◆ What this task involves ◆
The copy you return should hold only the lines from the top of the data below through the line with "Câu 1: Vẽ sơ", each duplicated exactly and with no pictures.
[Opening Materials provided section]
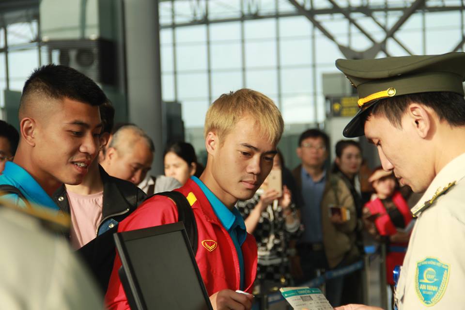 Các cầu thủ làm thủ tục bay. Ảnh: Zing.
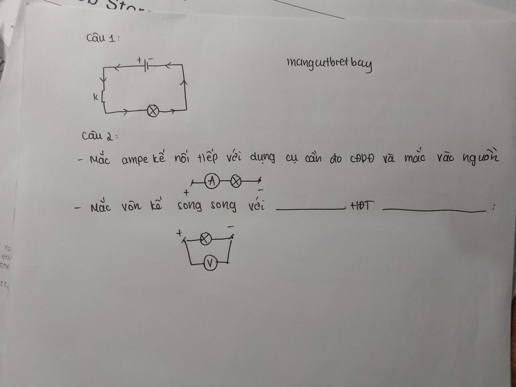 Câu 1: Vẽ sơ đồ mạch điện gồm 1 nguồn điện, 1 bóng đèn, 1 khoá k, 1 công tắc đóng, các dây dẫn. Vẽ chiều dòng điện trong mạch ?
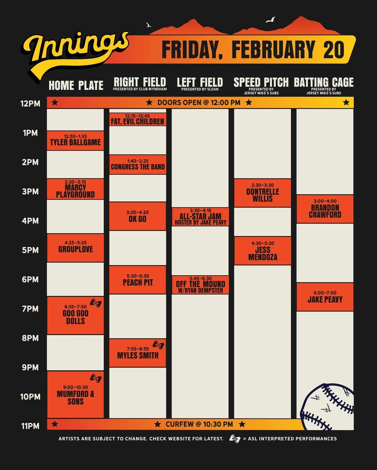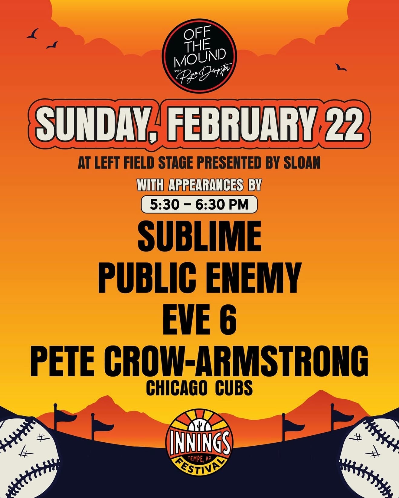Spring training kicks off this weekend, and that means the countdown to the Valley’s favorite festival is on. The 8th annual Innings Festival is set to take place this weekend, gathering music and baseball lovers from across the nation for three days of live entertainment and America’s favorite pastime. Set to take place from February 20 to 22, the festival returns to Tempe Beach Park in Tempe, Arizona, with its largest lineup since its debut in 2018. What has traditionally been a two-day festival has expanded this year to three jam-packed days of baseball inspired experiences, special guests, and an epic bill of artists. Headlining this year’s lineup is Mumford & Sons on Friday, Twenty One Pilots on Saturday, and Blink-182 on Sunday.
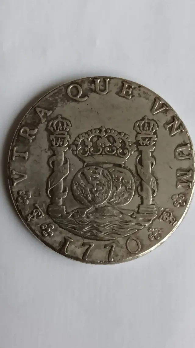 Detalhes do produtoRéplica de moeda antiga, comemorativa de 8 Reais de Carolus III, datada de 1770. A peça apresenta um design detalhado com coroas, colunas e elementos decorativos.
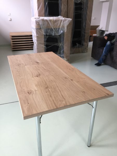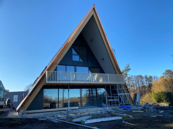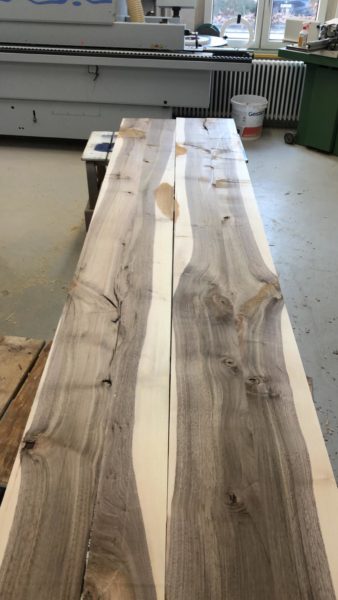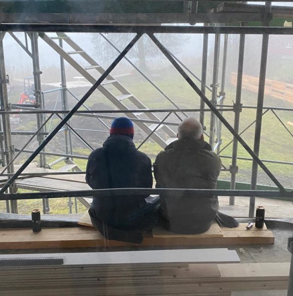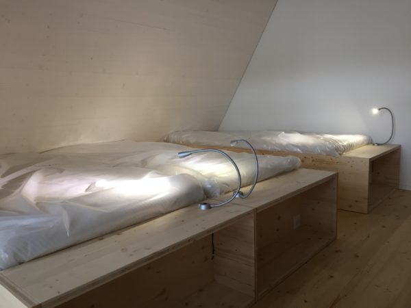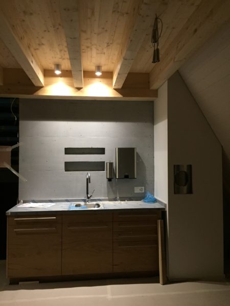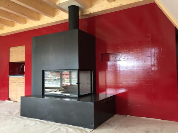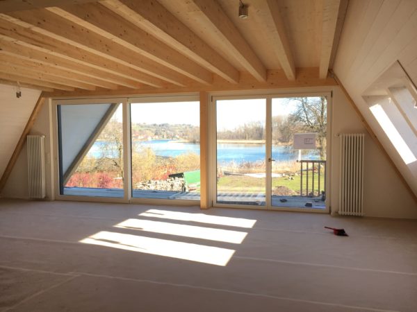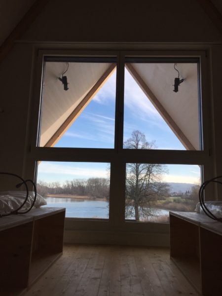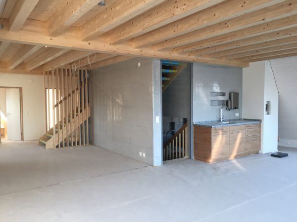 Liebe Blogleserinnen und -leser, es war einfach zu viel los und der Blog erfuhr in den letzten Tagen (und Wochen) etwas wenig Aufmerksamkeit, tut mir leid. Inzwischen ist aber doch einiges passiert, dazu unten einige Bilder vom Stand der Dinge.Das Gerüst ist weg und der Ausblick Richtung Wasser nun frei …… wahrlich eine sehr privilegierte Lage.Im Vergleich zum alten Löchligaischt ist der Balkon (zwar nur noch einer) einiges grösser und auch durch das schräg nach vorne gezogene Dach auch besser geschützt.Auch die Beleuchtung für diesen geschützten Aussenbereich ist bereits montiert.Das Schlafzimmer „Seeblick“ im Dachgeschoss geniesst nicht nur Morgensonne, sondern die beste Übersicht über die Nilibucht.Jetzt aber nach Innen: Diese Woche hat uns Bruno Lechner das Cheminée montiert, es fehlt nur noch das erste Feuer darin.Im Obergeschoss ist alles bereit, die Baureinigung zu erfahren und dann eingerichtet zu werden.Und beim näher betrachten zeigt sich hier eine Meisterarbeit der Schreiner, das Treppengeländer zu den Nasszellen hinauf.Aber auch die Betten der Schlafzimmer „Doppeldecker“ und „Deux Pièces“ sind trefflich und schön gelöst, danke Michi und Gimi.Wenn wir schon von der Schreinerarbeit sprechen, das sind unsere Seminartische, ich freue mich sehr über dieses Eichenmultiplex, was wir für alle Einbaumöbel auch verwenden konnten.Und wenn wir schon von Tischen sprechen, das ist unser aufgesägter Nussbaum, aus dem dann der grosse Esstisch entsteht, was für ein Glück für uns, dass unser eigener Baum hoffentlich noch viele Jahre als wunderschöner Esstisch dienen kann.Sideboard beim grossen Esstisch.Das alte Brünneli aus dem Vorgänger-Löchligaischt hat auch seinen prominenten Platz gefunden.Diese Farbe gefällt uns allen sehr.Im Dachgeschoss kann schon beinahe geschlafen werden.Vor einigen Tagen ist auch die Polstergruppe für den Cheminéeraum von Norddeutschland eingetroffen, bequem!Nach getaner Arbeit ein Bier und ein Schmouchi, Fridl und ich.
[Closing Materials provided section]
◆ Answer area ◆
 Các cầu thủ làm thủ tục bay. Ảnh: Zing.
 Câu 1: Vẽ sơ đồ mạch điện gồm 1 nguồn điện, 1 bóng đèn, 1 khoá k, 1 công tắc đóng, các dây dẫn. Vẽ chiều dòng điện trong mạch ?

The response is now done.